- DATA EXCERPT:
>>>

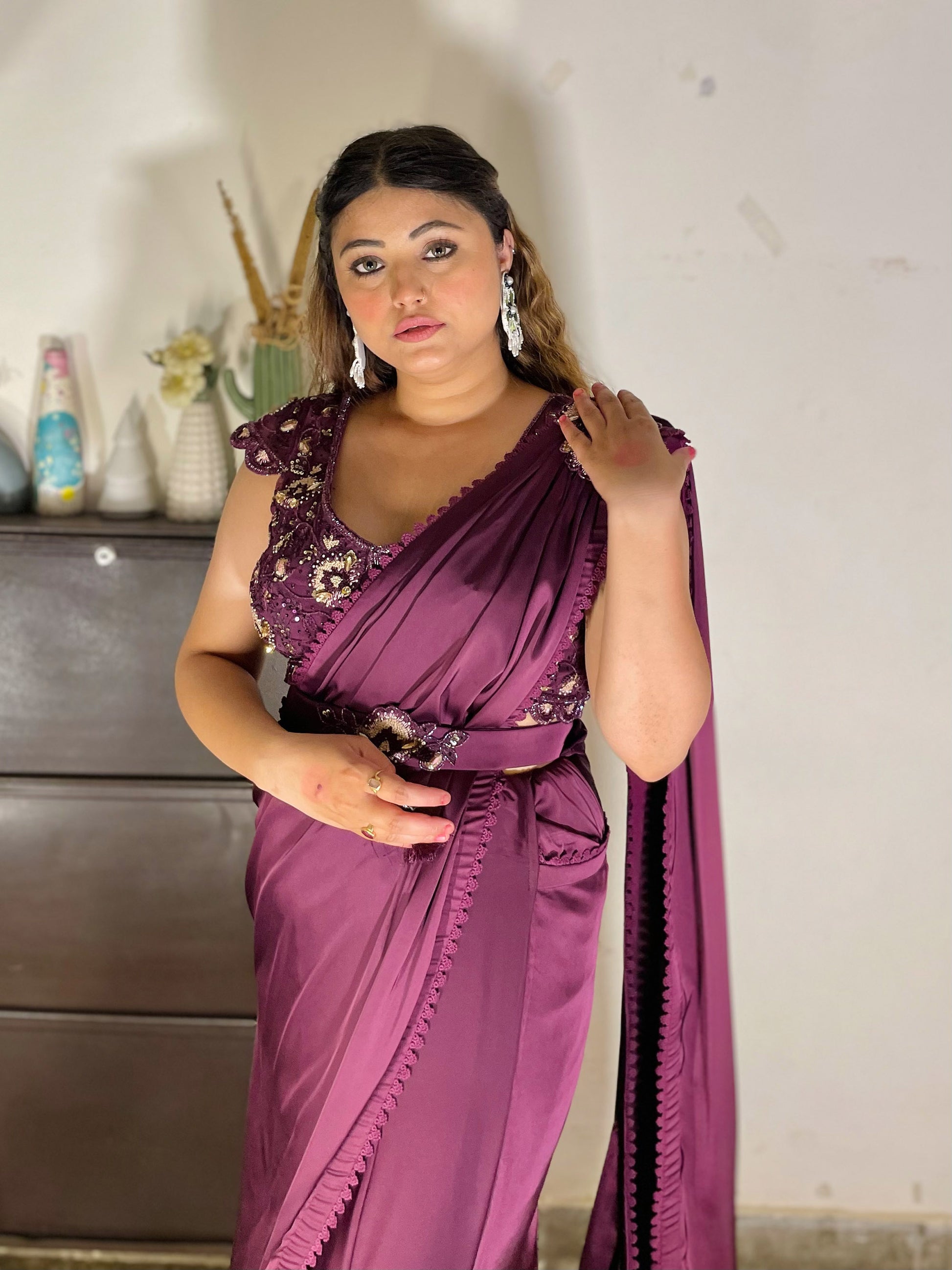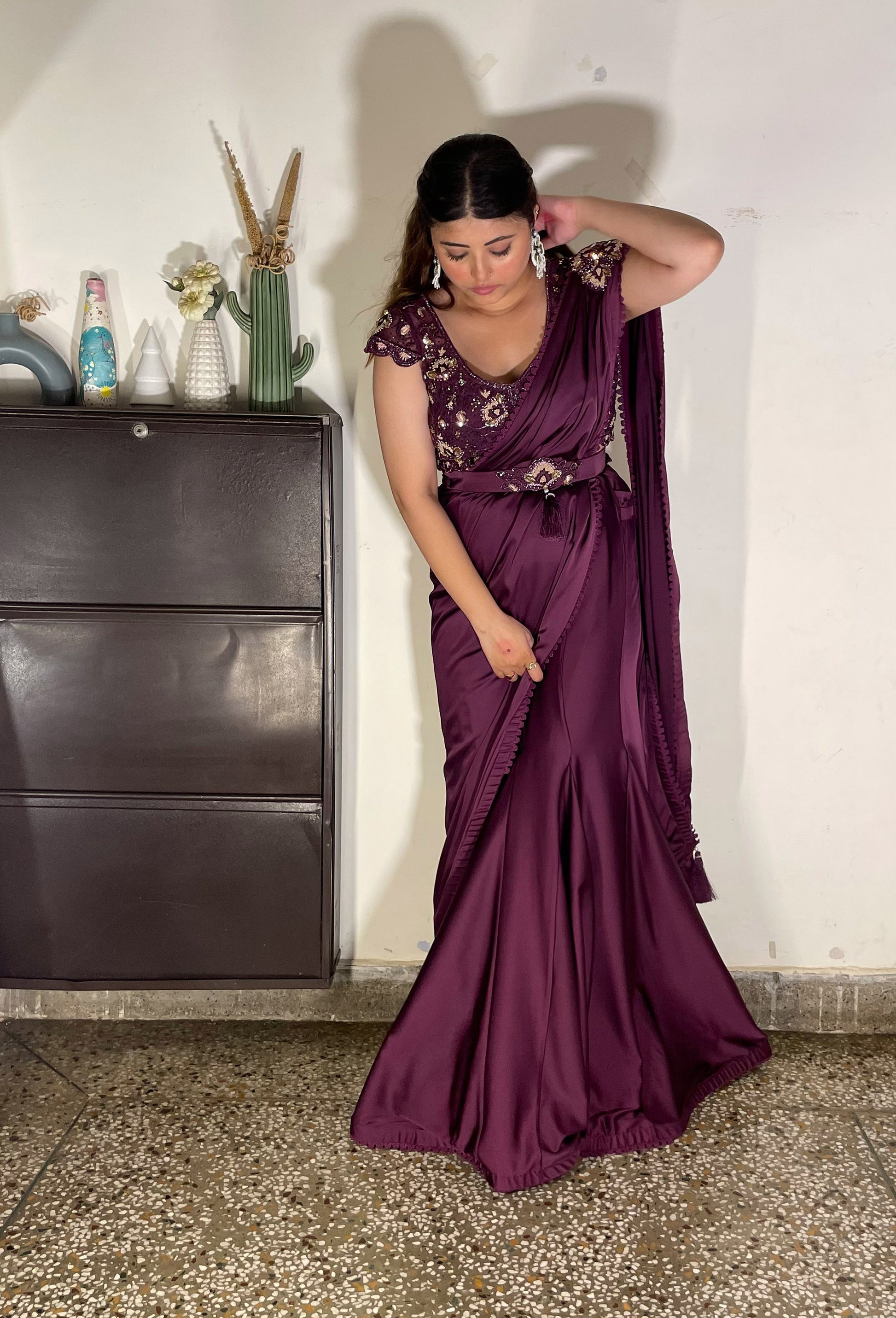 Wine French Satin hand embroidered Cocktail Lehenga saree
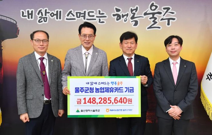 이번에 울주군이 전달받은 적립기금은 총 1억4천828만원으로, 울주군과 NH농협은행의 제휴카드 협약에 따라 적립된 금액이다.
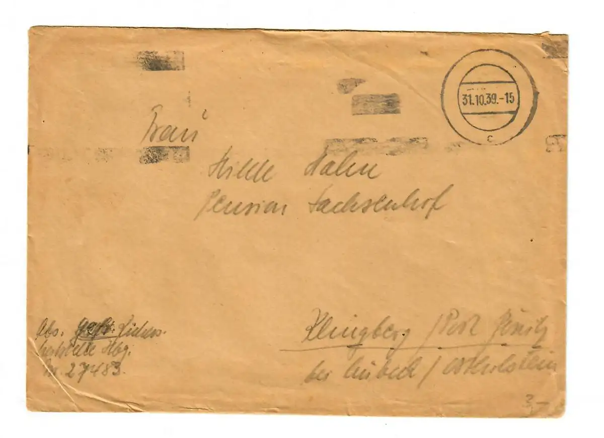 GG: Feldpost 31.10.39, FPNr. 27483, 6. Bat. Art. Reg. 56 nach Klingberg

<<<

- WHAT YOU SHOULD DO: Only the pictures in the listing above get left out; print everything else exactly.

- SOLUTION FOR THIS EXERCISE:
 Wine French Satin hand embroidered Cocktail Lehenga saree
 이번에 울주군이 전달받은 적립기금은 총 1억4천828만원으로, 울주군과 NH농협은행의 제휴카드 협약에 따라 적립된 금액이다.
 GG: Feldpost 31.10.39, FPNr. 27483, 6. Bat. Art. Reg. 56 nach Klingberg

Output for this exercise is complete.